Nihao: Relative Fine-Grained Chinese Word Segmentation

Important Updates

For CCL-2021 Shared Task: 2021-04-01

CCL2021-SharedTask-Link

Official Website: 2021-05-01

Test Date Release: 2021-06-27

Description of the Corpus

Word is the fundamental unit in natural language processing (NLP) and is easy to obtain because of the natural delimiters between words. However, the situation is totally different when dealing with the Chinese language. Chinese sentences consist of continuous characters without the natural delimiters. Therefore, Chinese word segmentation (CWS) has become the first step (pre-processing) of Chinese NLP tasks, which splits Chinese sentences into independent words and significantly affects the quality of downstream Chinese NLP tasks.
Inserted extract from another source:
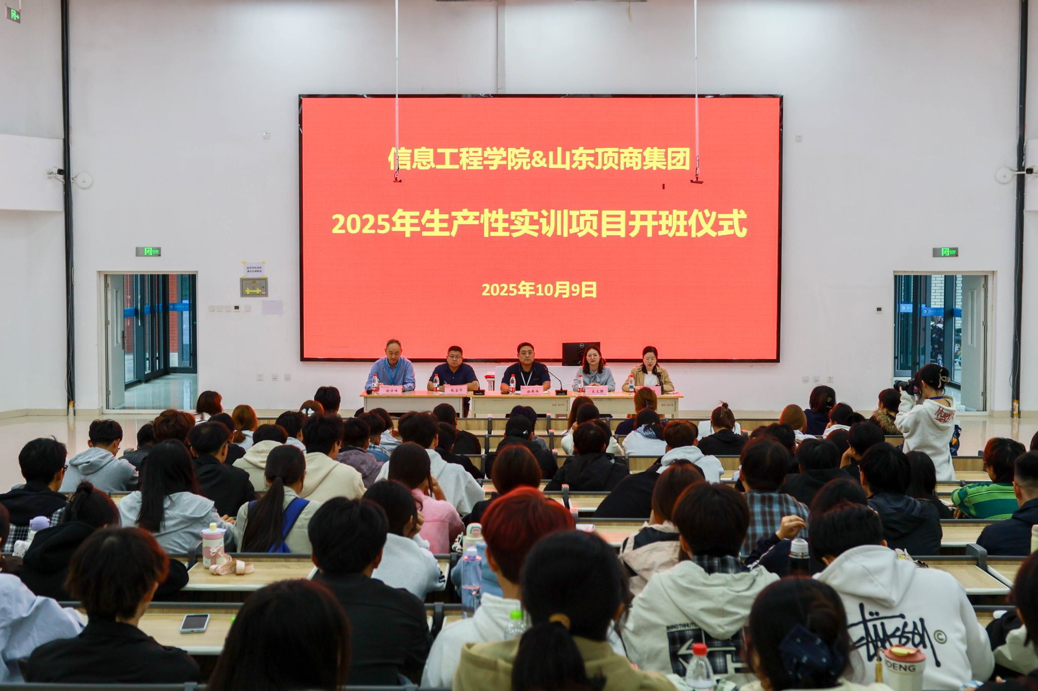 10月9日上午,信息工程学院举行校内生产性实训项目开班仪式。山东顶商集团业务经理宋文静、信息工程学院相关负责同志、电子商务专业骨干教师及100余名电子商务专业学生参加了开班仪式。

Different with the popular CWS benchmark datasets, we extract texts from downstream NLP tasks associated with Chinese. The corpus is open-domain and is closer to the real-world scenario. And we propose a relative fine-grained criterion for adapting downstream NLP tasks. In particular, the consistency of corpus is an inevitable problem on every segmentation benchmark due to high linguistic complexities of languages. Thus, we propose the Consistency Checking to improve the quality of 'Nihao' .

Evaluation on the Corpus

For demonstrating the quality of 'Nihao' corpus, we adopt two outstanding proposals. In particular, we utilize the work by (Huang et al., 2020) for validating the Consistency of the corpus (Note: we adopt the K cross-validation to train the model by the test data itself). And we utilize the work by (Sun and Deng, 2018) as a baseline of unsupervised training.

The supervised baseline:

K Cross-Validation (K=5)	P	R	F
train-1,2,3,4 \|\|\| test-5	0.9855	0.9852	0.9854
train-1,2,3,5 \|\|\| test-4	0.9854	0.9875	0.9865
train-1,2,4,5 \|\|\| test-3	0.9847	0.9863	0.9855
train-1,3,4,5 \|\|\| test-2	0.9850	0.9856	0.9853
train-2,3,4,5 \|\|\| test-1	0.9845	0.9865	0.9855

The unsupervised baseline:

Method	P	R	F
(Sun and Deng, 2018)	0.8064	0.7847	0.7954

Resources

We provide several external resources for a better understanding of 'Nihao' and unsupervised segmentation methods.

segmentation criterion with the dictionary of Chinese affix. https://github.com/koukaiu/nihao/res/criterion.
the dictionary of long words in common use, which is modified by (Cai and Zhao, 2016). https://github.com/koukaiu/nihao/res/idioms.

External resources (Download Link)

Groups and Contact Information

-DUTNLP Lab: the Natural Language Processing Lab at Dalian University of Technology

Leader: Degen Huang

Members: Kaiyu Huang, Wei Liu, Hao Yu

-Contact us.

If you have questions, suggestions and bug reports, please email us (unsupervisedCWS@163.com).

Reference

Kaiyu Huang, Degen Huang, Zhuang Liu and Fengran Mo. 2020. A Joint Multiple Criteria Model in Transfer Learning for Cross-domain Chinese Word Segmentation. In Proceedings of the 2020 Conference on Empirical Methods in Natural Language Processing (EMNLP), pages 3841--3847, Online. Association for Computational Linguistics.
Zhiqing Sun, Zhi-Hong Deng. 2018. Unsupervised Neural Word Segmentation for Chinese via Segmental Language Modeling. In Proceedings of the 2018 Conference on Empirical Methods in Natural Language Processing, pages 4915--4920, Brussels, Belgium. Association for Computational Linguistics.
Deng Cai and Hai Zhao. 2016. Neural Word Segmentation Learning for Chinese. In Proceedings of the 54th Annual Meeting of the Association for Computational Linguistics (Volume 1: Long Papers), pages 409–420, Berlin, Germany. Association for Computational Linguistics.